# Google Adwords or SEO service?



## Basikboy (Aug 28, 2007)

What proves to be more cost effective paying monthly for Google Adwords or hiring a SEO company to upkeep your site?


----------



## funkytshirts (Jul 26, 2010)

IMO i think Google adwords has become very expensive recently. and end users are very aware of what sponsored listings are. I find end users are avoiding them as they know companies are paying to be their and there fore is not exactly what the are looking for!


----------



## PositiveDave (Dec 1, 2008)

SEO companies can be very expensive and you are never sure what they are doing, better to learn the tricks yourself, basically get some backlinks.


----------



## funkytshirts (Jul 26, 2010)

Just on the subject of backlinks. do guys from this site link to each others sites!


----------



## onlinebisnes (Jul 27, 2010)

If you have some bucks to spent then go for reputable SEO service.


----------



## PositiveDave (Dec 1, 2008)

On the subject of signatures and backlinks:
You want to have anchor text i.e. tshirt as your link rather than just your web address - Google will associate the word with your site. Your web address is already associated 
Anchor text - Wikipedia, the free encyclopedia


----------



## funkytshirts (Jul 26, 2010)

PositiveDave said:


> On the subject of signatures and backlinks:
> You want to have anchor text i.e. tshirt as your link rather than just your web address - Google will associate the word with your site. Your web address is already associated
> Anchor text - Wikipedia, the free encyclopedia


Thanks Dave.
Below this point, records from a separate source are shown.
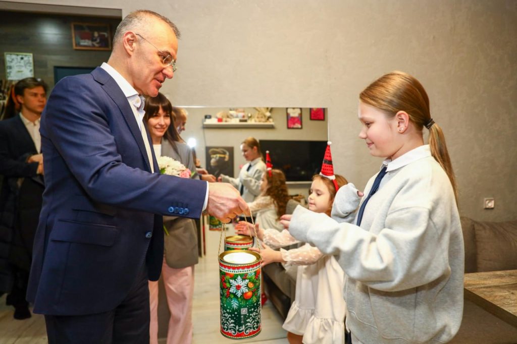 23 декабря депутат Государственной Думы РФ Александр Коган посетил семью Базановых. Юлия – супруга военнослужащего Евгения Базанова, в зоне проведения СВО он с самого начала мобилизации, бывает в отпуске, старается выходить на связь с родными. В семье подрастают две дочки – Дарина и София. Дарина учится в гимназии и увлекается танцами, а маленькая София еще ходит в детский сад. Девочки были рады получить заветные подарки.
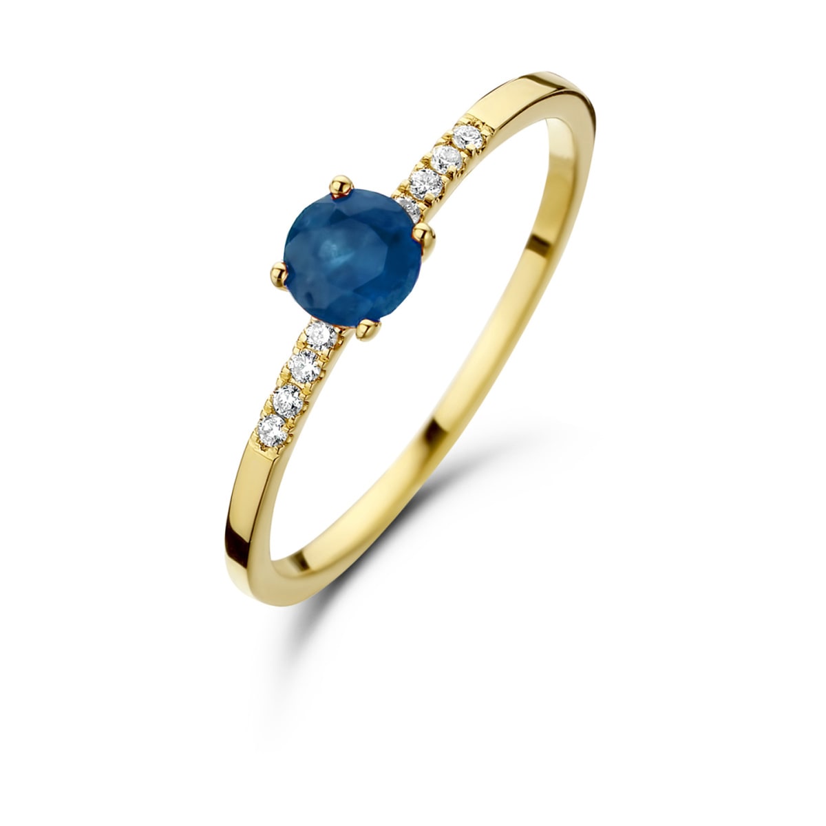 Délicate bague avec son saphir bleu de forme ronde qui est serti 4 griffes. De chaque côté, on retrouve 4 diamants taille brillant serti grain.
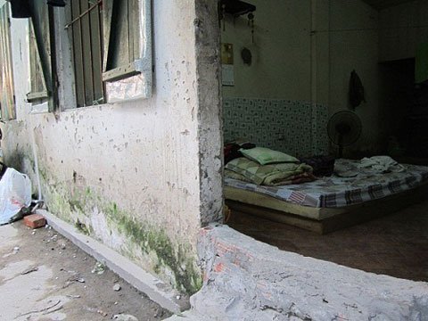 Tình trạng tường nhà nứt gãy cũng không phải hiếm trong các phòng trọ tại thủ đô. Th, sinh viên Trường ĐH Văn Hóa, đang trọ tại làng Thành Công đang phải đối mặt với sự nứt gãy của bức tường phòng trọ. Th. cho biết: “Ngày mưa, nước cứ gỉ theo vết gãy ấy mà loang nước ra nhà. Vôi vữa cũng được dịp mà vỡ ra. Không biết mình có thể ở lại đây cho tới khi nào, có lẽ cũng phải chuyển đi."

Fantastic infomation, this is exactly why i love this site.

Any informationon this topic appreciated, as i am new to seo and trying to have a push up google.


----------



## PositiveDave (Dec 1, 2008)

Looking at your site (VERY pink!) there are a lot of images, which is good for humans, but the googlebot doesn't see them, you need more text, especially keywords, especially the h1 tag which tells google what the site is about. No alt text for pictures, very bad for accessibility for blind people and a waste in terms of SEO.


----------



## funkytshirts (Jul 26, 2010)

Thanks david very useful information. writing text is a complete ball ache, however i think it might just have to be done!


----------



## PositiveDave (Dec 1, 2008)

Try downloading the Lynx text browser, it will let you see your website as Google sees it.


----------



## jrobertbaird (Jul 27, 2010)

I think Google ad words work well if you pick and choose your words carefully as not to spend so much.


----------



## EnMartian (Feb 14, 2008)

If you hire a reputable SEO firm, they can do a lot for you, including running PPC campaigns. Of course, the good firms aren't cheap, but the payback is that you get people working for you who do this sort of thing every day and have taken time to figure out all the tricks. 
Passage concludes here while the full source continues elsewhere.